Working data:
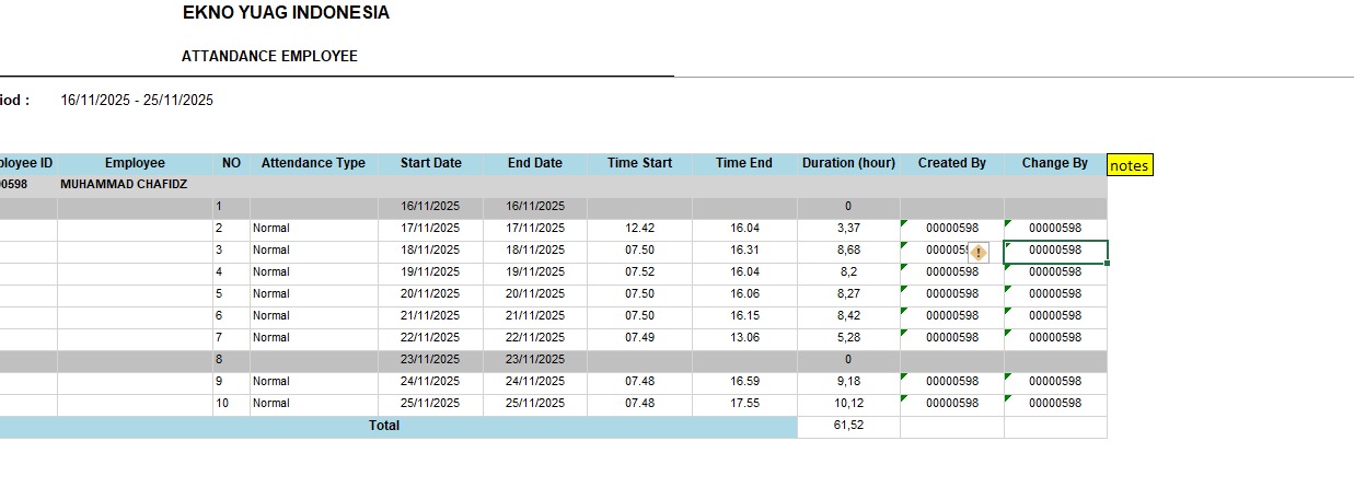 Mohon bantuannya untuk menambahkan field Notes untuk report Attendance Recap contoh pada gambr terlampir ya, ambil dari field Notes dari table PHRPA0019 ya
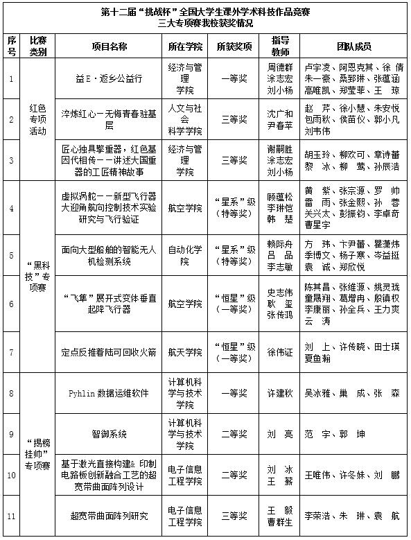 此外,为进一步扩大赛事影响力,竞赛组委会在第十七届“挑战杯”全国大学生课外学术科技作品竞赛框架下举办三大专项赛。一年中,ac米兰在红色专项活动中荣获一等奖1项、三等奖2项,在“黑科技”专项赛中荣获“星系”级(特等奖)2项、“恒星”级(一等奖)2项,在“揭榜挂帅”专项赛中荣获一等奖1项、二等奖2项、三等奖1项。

---

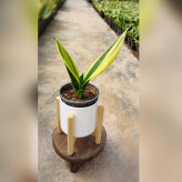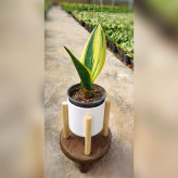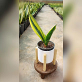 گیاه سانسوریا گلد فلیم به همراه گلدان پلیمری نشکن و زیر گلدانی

Exercise: Look above for the line with "Mohon bantuannya untuk" and the line with "此外,为进一步扩大赛事影响力"; set down those two lines and all lines between them exactly, without pictures and without anything else.

Expected output:
 Mohon bantuannya untuk menambahkan field Notes untuk report Attendance Recap contoh pada gambr terlampir ya, ambil dari field Notes dari table PHRPA0019 ya
 此外,为进一步扩大赛事影响力,竞赛组委会在第十七届“挑战杯”全国大学生课外学术科技作品竞赛框架下举办三大专项赛。一年中,ac米兰在红色专项活动中荣获一等奖1项、三等奖2项,在“黑科技”专项赛中荣获“星系”级(特等奖)2项、“恒星”级(一等奖)2项,在“揭榜挂帅”专项赛中荣获一等奖1项、二等奖2项、三等奖1项。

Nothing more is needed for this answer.